In [121]: from scipy import sparse
In [122]: M = sparse.csr_matrix([[0,1,0],[1,0,1]])

In [123]: M.A   # show as array
Out[123]: 
array([[0, 1, 0],
       [1, 0, 1]], dtype=int32)

In [124]: M.todense()  # show a numpy matrix
Out[124]: 
matrix([[0, 1, 0],
        [1, 0, 1]], dtype=int32)

In [125]: col=np.array([[2],[3]])  # a simple column array
In [126]: col
Out[126]: 
array([[2],
       [3]])

In [128]: sparse.hstack([M,col])
Out[128]: 
<2x4 sparse matrix of type '<class 'numpy.int32'>'
    with 5 stored elements in COOrdinate format>

In [129]: sparse.hstack([M,col]).A
Out[129]: 
array([[0, 1, 0, 2],
       [1, 0, 1, 3]], dtype=int32)

In [130]: sparse.vstack([M,[1,2,3]]).A   # or add a row
Out[130]: 
array([[0, 1, 0],
       [1, 0, 1],
       [1, 2, 3]], dtype=int32)

numpy append is just a fancy wrapper for np.concatenate. vstack and hstack are simpler wrappers. Also, append does not change the array in place (like the list append). It best to just avoid it, thinking instead in terms concatenate.

numpy append只是np.concatenate的一个奇特的包装器。 vstack和hstack是更简单的包装器。
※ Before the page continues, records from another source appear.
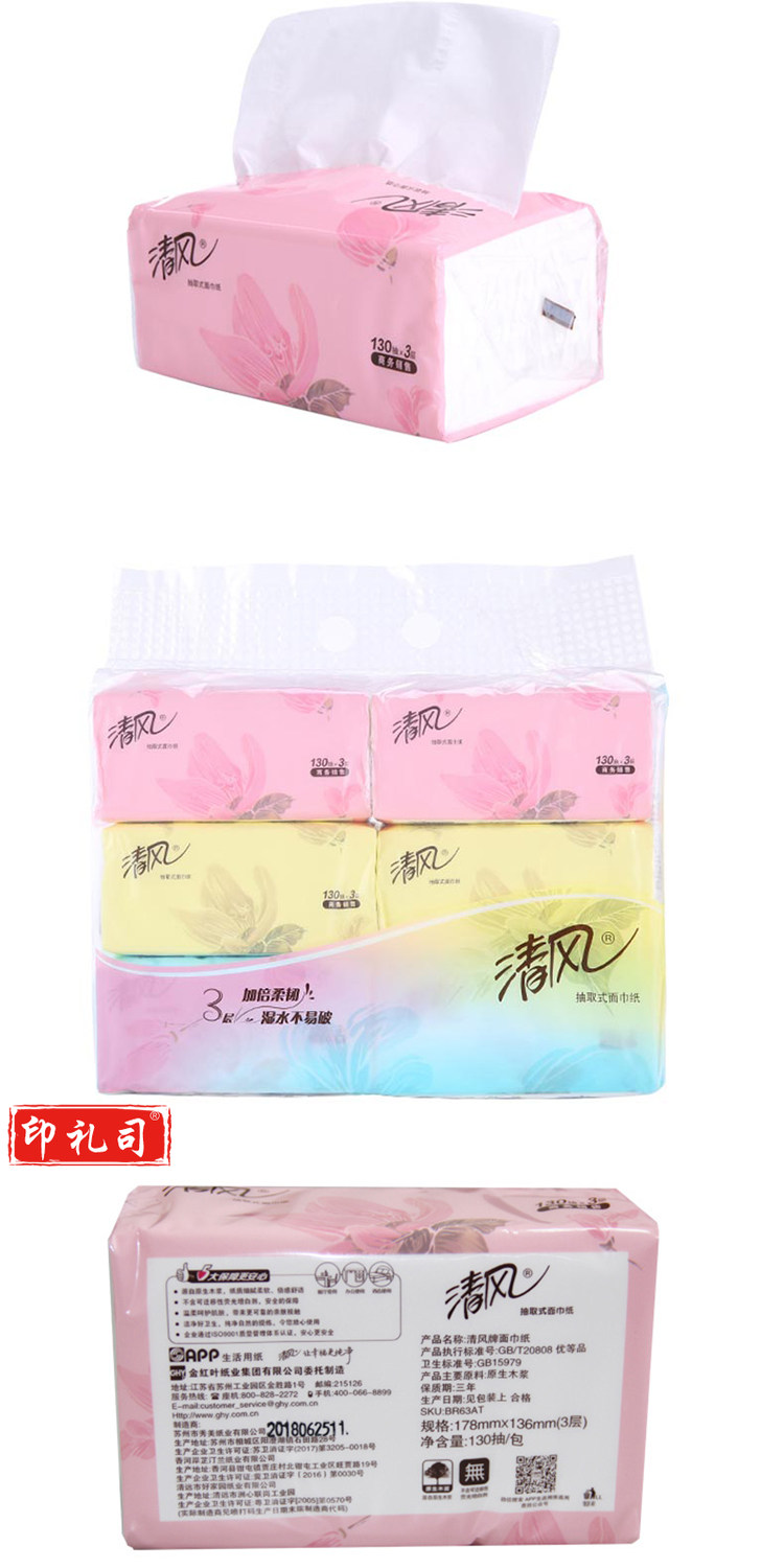 清风 BR63AT 软抽纸130抽 面巾纸抽纸巾6包/提60包/箱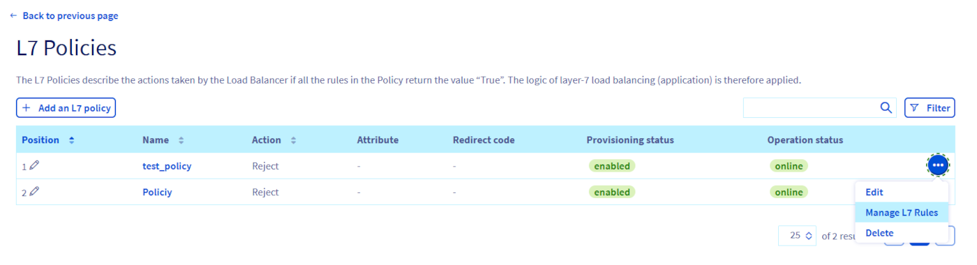 To access the management options for L7 policies of a specific listener, click the ... button to the right of the listener you want to configure.
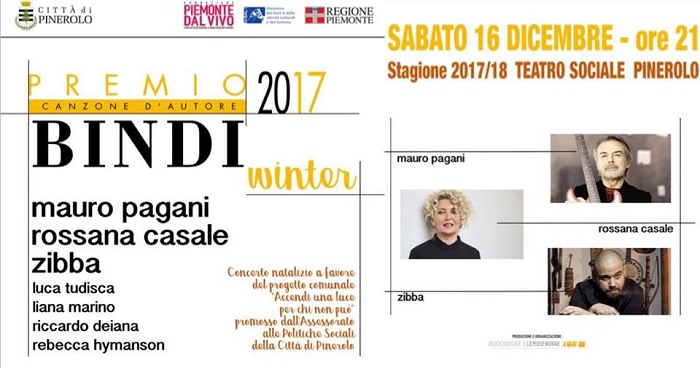 Sabato 16 al Teatro Sociale di Pinerolo si svolgerà il Premio Bindi Winter - Festival della Canzone d’Autore dedicato all'artista genovese.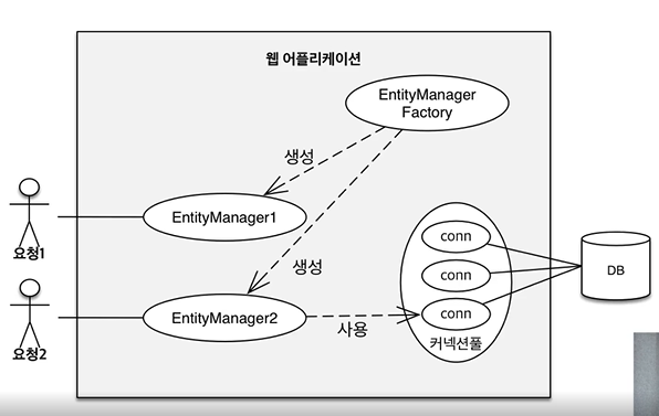 - 클라이언트의 요청이 올때마다 EntityManagerFactory에서 EntityManager를 생성해서 제공한다.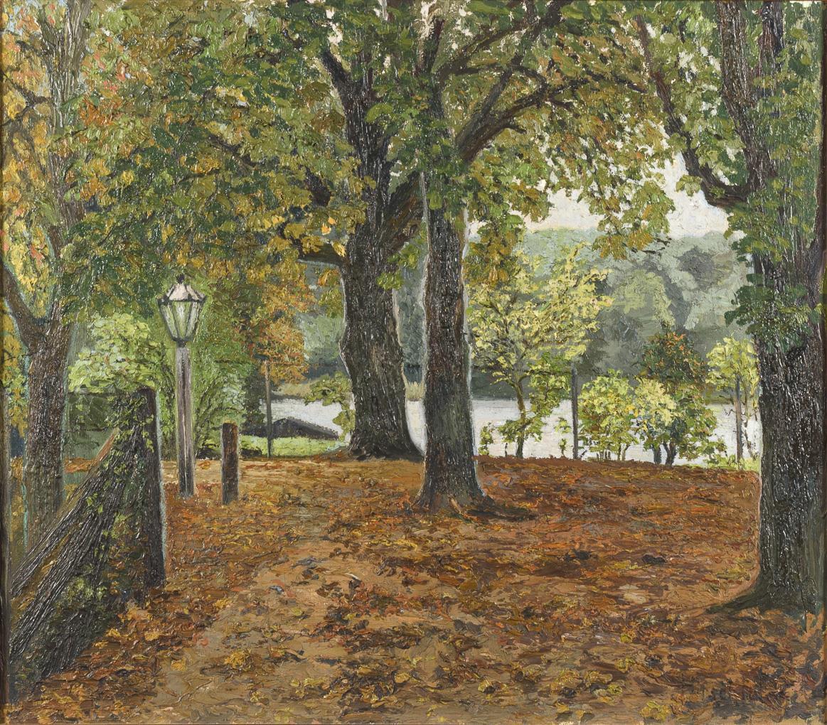 Autumn mood with brown foliage below the trees above the water.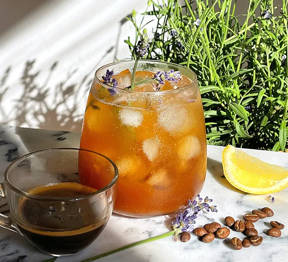 Vylepšete své espresso tonic levandulí. Stane se tak trendy letním ledovým kávovým nápojem. Vyrobte si vlastní levandulový sirup nebo ho vyměňte za bezový květ.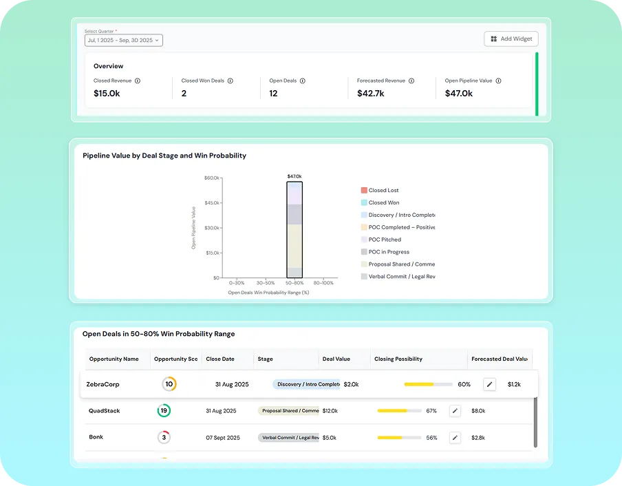 Centralized Insights: View all deals, stages, and next steps in one dashboard. Spot stalled opportunities instantly.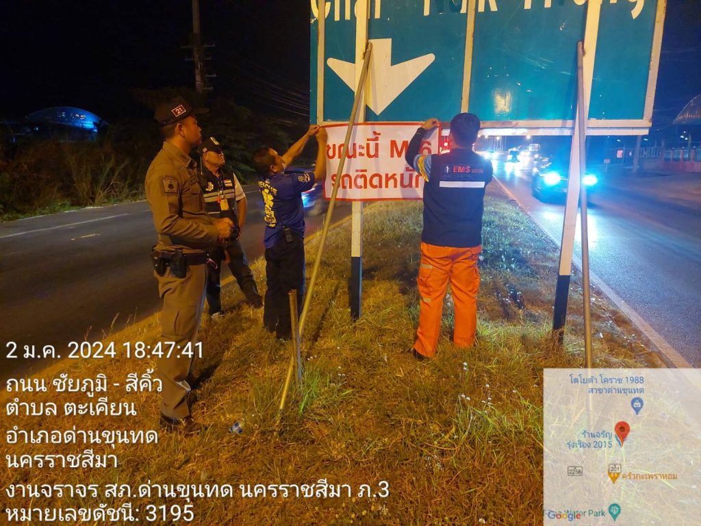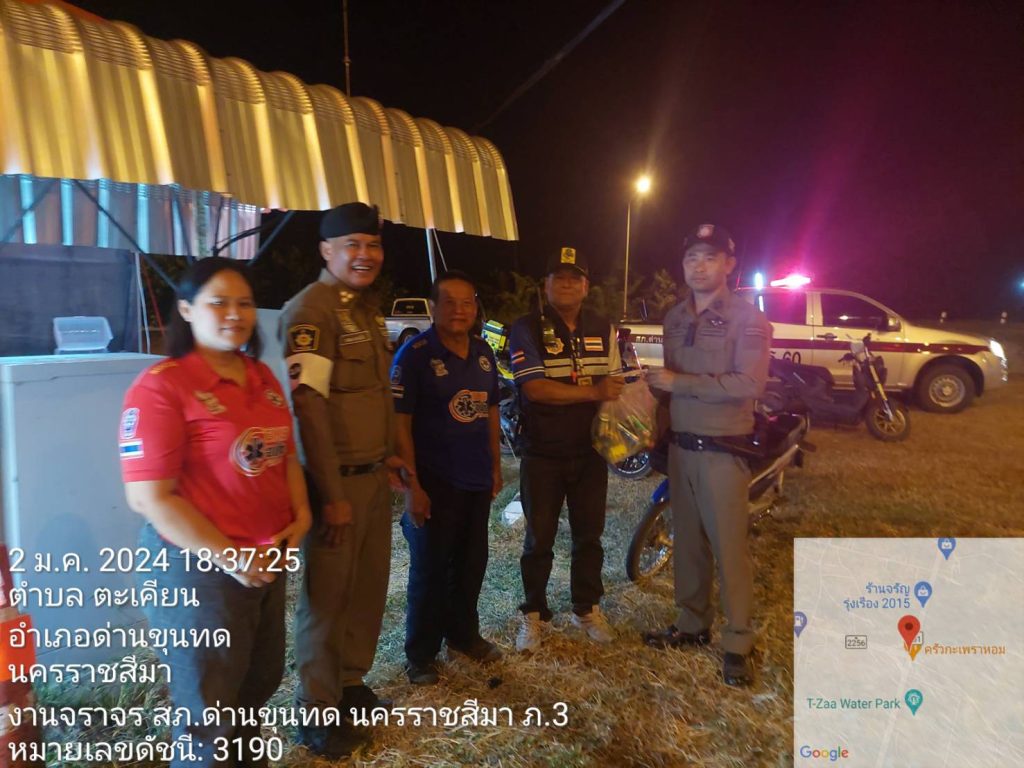 เวลา 19.10 น. พ.ต.อ.เสกสรร บุญยรัชนิกร ผกก.สภ.ด่านขุนทด สั่งการให้ พ.ต.ท.อาคม ชุดขุนทด รองว ผกก.ป.สภ.ด่านขุนทด พร้อมด้วย จราจร ตรวจเยี่ยมชุดหน่วยกู้ชีพ อบต.ตะเคียน มอบเครื่องดื่ม และติดป้ายประชาสัมพันธ์ รถติดทางด่วน M6 ให้หลีกเลี่ยงการใช้เส้นทางดังกล่าว

此外,append不会更改数组(如列表追加)。最好只是避免它,而是用连接的方式思考。

#1


There isn't an append for sparse matrices. But there is vstack and hstack. I'll illustrate with a simple matrix

稀疏矩阵没有附加。但是有vstack和hstack。我将用一个简单的矩阵来说明

In [121]: from scipy import sparse
In [122]: M = sparse.csr_matrix([[0,1,0],[1,0,1]])
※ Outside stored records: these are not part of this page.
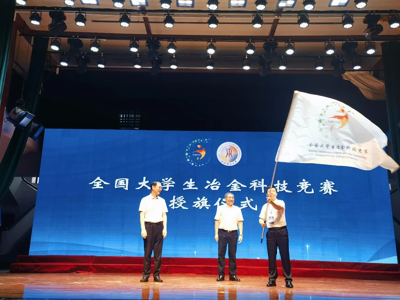 在会旗交接仪式上,江西理工大学副校长廖春发把大赛旗帜转交到中国金属学会秘书长王新江手中,再由王新江授予第八届大赛承办单位122cc太阳成集团,宗燕兵郑重接过了大赛旗帜。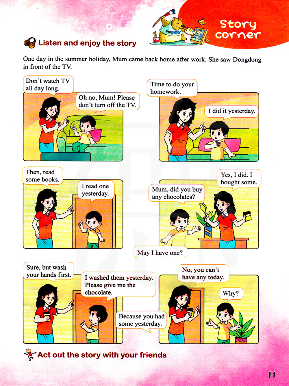 暑假的一天,妈妈工作回来。她看见东东在电视机前面。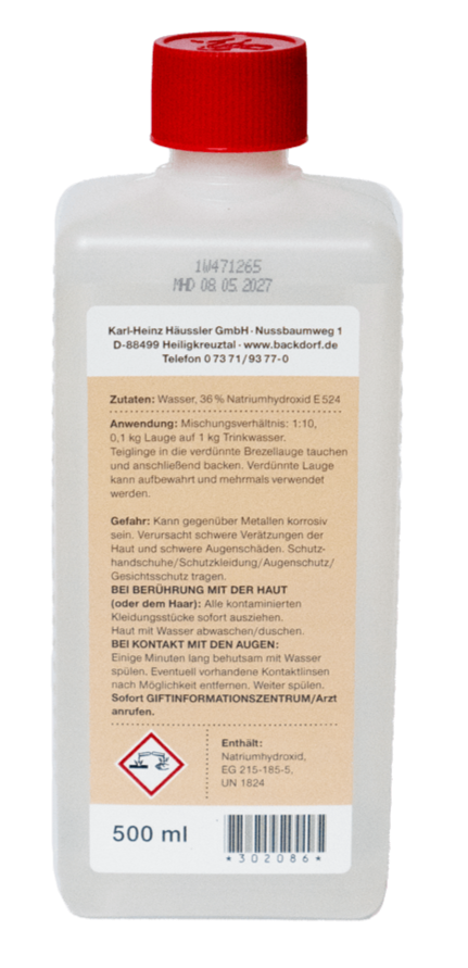 Unverdünnt ist die Brezellauge bis zu 30 Jahre haltbar, verdünnt im Kühlschrank 4–6 Wochen.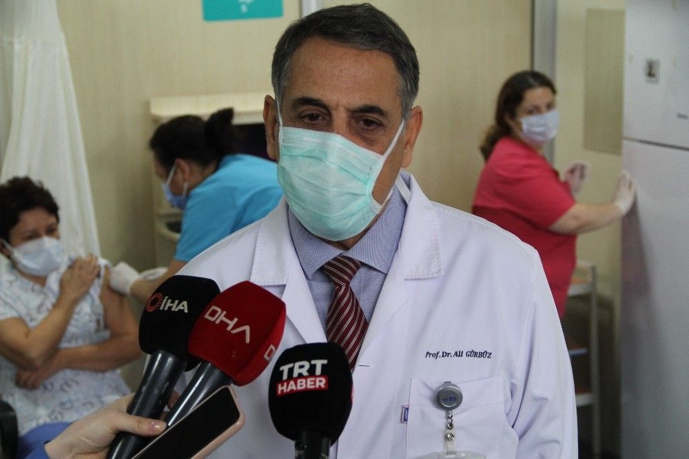 Aşılama hakkında konuşan İzmir Katip Çelebi Üniversitesi Atatürk Eğitim ve Araştırma Hastanesi Başhekimi Prof. Dr. Ali Gürbüz, "Burası Sağlık Bakanlığımızın en çok salgınla ilgili görev verdiği hastanelerimizden bir tanesi. Aşılama bugün bilim kurulumuzun ve bakanımızın direktifleri doğrultusunda başlamış bulunuyor. MHRS'den randevusunu alan bütün çalışanlarımız polikliniklerimize gelmeye başladılar ve kısmi bir yoğunluk var. Zannediyorum ki 3-4 gün içerisinde aşılama sürecini tamamlamış olacağız. Daha sonrada yine bilim kurulu ve bakanlığımızın direktifleriyle randevularını alan vatandaşlarımıza aşılama programına devam edeceğiz. Biliyorsunuz sağlık çalışanları korona virüsle direkt muhatap olan kişiler. Bizim hastanemizde de korona virüse yakalanan sağlık çalışanlarımız oldu. Bu aşılamanın sağlık çalışanlarından başlamasından memnuniyet duyuyoruz.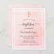 Eine moderne, elegante Taufe, die ein kleines Mädchen feiert. Rosa und weiße Rahmen, die mit kleinen goldenen Glitzern, Punkten und einem goldenen Kreuz geschmückt sind. Personalisieren und fügen Sie einen Namen und Party-Details hinzu. Schwarze Buchstaben.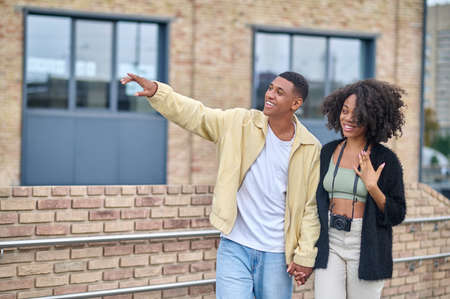 Man pointing with hand and looking contented woman outdoors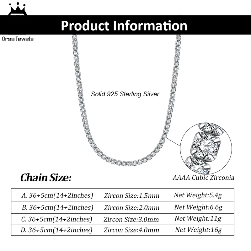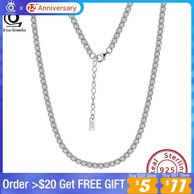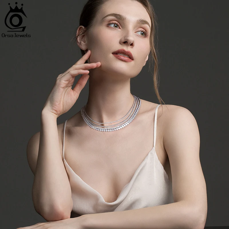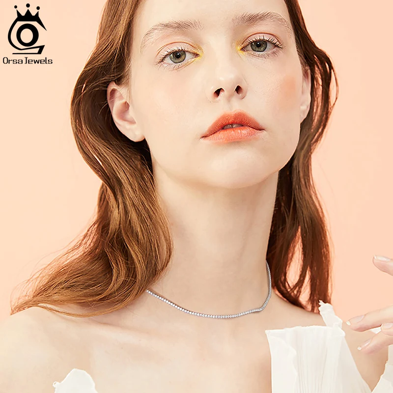 ORSA JEWELS сверкающая цепочка из фианита для тенниса, ожерелье для женщин из стерлингового серебра 925 пробы, ожерелье из чистого фианита, свадебные ювелирные изделия SC45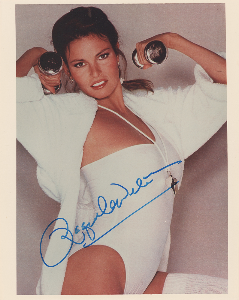 Color glossy 8 x 10 photo of Raquel Welch working out in a white robe and one-piece swimsuit, signed in blue felt tip. In fine condition. Originally obtained by in-person specialist Mike Wehrmann.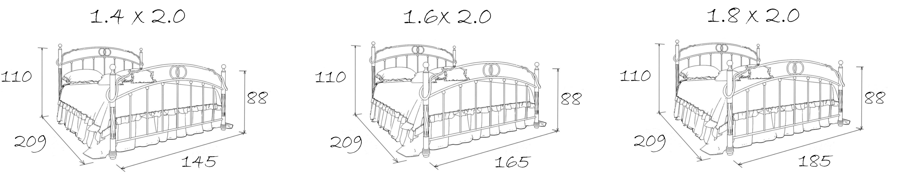 Размеры спального места (ДхШ) 2000х1800, высота изножья 880 мм, максимальная нагрузка на 1 спальное место - 150 кг.

In [123]: M.A   # show as array
Out[123]: 
array([[0, 1, 0],
       [1, 0, 1]], dtype=int32)

In [124]: M.todense()  # show a numpy matrix
Out[124]: 
matrix([[0, 1, 0],
        [1, 0, 1]], dtype=int32)

In [125]: col=np.array([[2],[3]])  # a simple column array
In [126]: col
Out[126]: 
array([[2],
       [3]])

In [128]: sparse.hstack([M,col])
Out[128]: 
<2x4 sparse matrix of type '<class 'numpy.int32'>'
    with 5 stored elements in COOrdinate format>

In [129]: sparse.hstack([M,col]).A
Out[129]: 
array([[0, 1, 0, 2],
       [1, 0, 1, 3]], dtype=int32)

In [130]: sparse.vstack([M,[1,2,3]]).A   # or add a row
Out[130]: 
array([[0, 1, 0],
       [1, 0, 1],
       [1, 2, 3]], dtype=int32)

numpy append is just a fancy wrapper for np.concatenate. vstack and hstack are simpler wrappers. Also, append does not change the array in place (like the list append). It best to just avoid it, thinking instead in terms concatenate.

numpy append只是np.concatenate的一个奇特的包装器。 vstack和hstack是更简单的包装器。此外,append不会更改数组(如列表追加)。最好只是避免它,而是用连接的方式思考。